De nouveaux documents publiés par les autorités américaines révèlent que Jeffrey Epstein détenait l’essentiel de sa fortune à la Deutsche Bank, membre du Forum économique mondial avec jusqu’à 135 millions de dollars déposés sur ses comptes. Ces révélations ravivent les interrogations sur le rôle des grandes institutions financières dans l’affaire Epstein.
L’affaire Epstein continue de mettre en lumière les relations entretenues par le financier déchu avec de grandes banques internationales.
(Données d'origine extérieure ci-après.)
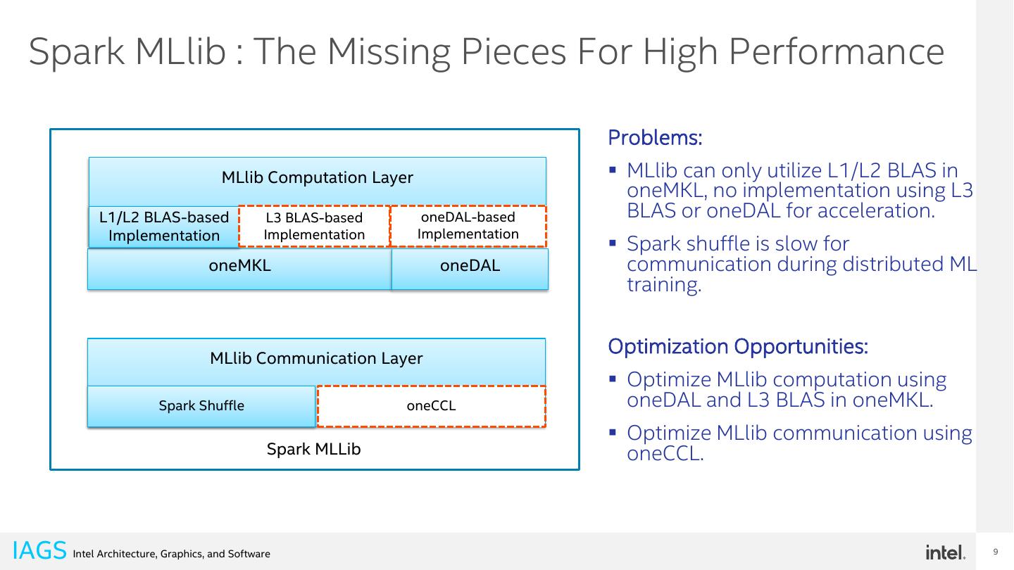 9 . Spark MLlib : The Missing Pieces For High Performance Problems: MLlib Computation Layer ▪ MLlib can only utilize L1/L2 BLAS in oneMKL, no implementation using L3 L1/L2 BLAS-based L3 BLAS-based oneDAL-based BLAS or oneDAL for acceleration. Implementation Implementation Implementation ▪ Spark shuffle is slow for oneMKL oneDAL communication during distributed ML training. Optimization Opportunities: MLlib Communication Layer ▪ Optimize MLlib computation using Spark Shuffle oneCCL oneDAL and L3 BLAS in oneMKL. ▪ Optimize MLlib communication using Spark MLLib oneCCL. IAGS Intel Architecture, Graphics, and Software 9
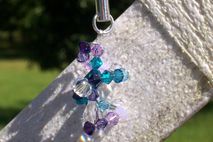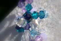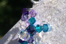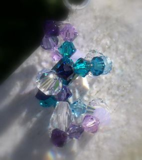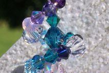Its fade goes from violet to blue and back, weaving darks and lights with clear to accent. Purple Velvet, Tanzanite, Violet, Violet Opal, Aquamarine, Indicolite, Blue Zircon and Dark Indigo 4mm Swarovski Crystal** Bicones, accented with 6mm Clear Swarovski Crystal** Bicones dance and swirl around a core drop of 4mm Violet, 4mm Blue Zircon, 6mm Indicolite, 4mm Tanzanite and a clear teardrop.

Selon des documents rendus publics par le Department of the Treasury, Jeffrey Epstein conservait une part majeure de sa fortune à la Deutsche Bank, où il aurait détenu jusqu’à 135 millions de dollars.
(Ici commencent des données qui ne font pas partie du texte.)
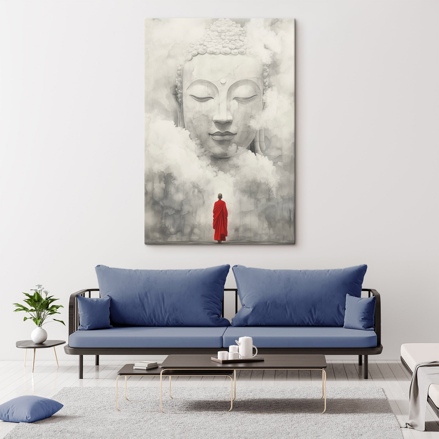 Wejdź do sceny, która wydaje się niemal nieziemska dzięki temu oszałamiającemu wydrukowi na płótnie. Mnich, odziany w żywą czerwień, stoi przed ogromnym posągiem, skąpanym w miękkich chmurach, które wydają się szeptać starożytne tajemnice. To nie tylko sztuka; to zaproszenie do oddechu, refleksji, a może nawet znalezienia odrobiny spokoju pośród życiowego chaosu. Wyobraź sobie, że wisi na ścianie – codzienne przypomnienie, aby zatrzymać się i chłonąć chwilę. Przyjaciele mogą zatrzymać się i zgubić w spokoju, dzieląc się historiami lub po prostu patrząc w zdumieniu. Ten kawałek uderza w strunę, prawda? Idealny dla tych, którzy cenią sztukę o głębszym znaczeniu. Idealny do salonów, przestrzeni medytacyjnych lub wszędzie tam, gdzie potrzeba odrobiny duszy.
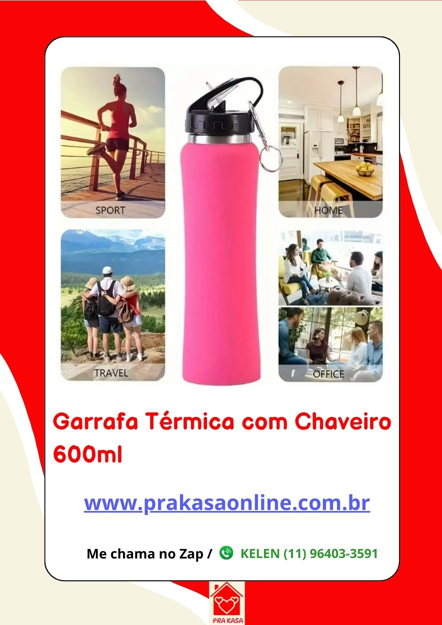 Garanta já a sua Garrafa Térmica com Chaveiro 600 ml e tenha mais conforto, praticidade e estilo em qualquer momento do seu dia! 🧭🥤
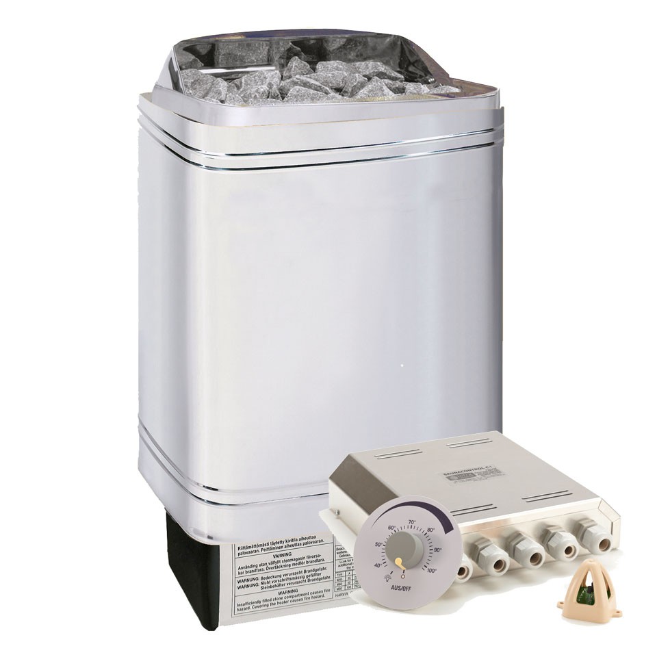 Innenmantel verzinkt, Steinauflage verzinkt, rostfreie Heizstäbe, inkl. 20 kg Saunasteine.

Les documents indiquent que Jeffrey Epstein a été client de la banque allemande entre 2013 et 2019, période durant laquelle ses actifs ont transité principalement par cet établissement. Si Epstein possédait des comptes dans plusieurs institutions financières, la Deutsche Bank apparaît comme celle ayant concentré la majorité de ses fonds. La question de savoir dans quelle mesure la banque était informée de ses antécédents judiciaires demeure toutefois sans réponse claire à ce stade.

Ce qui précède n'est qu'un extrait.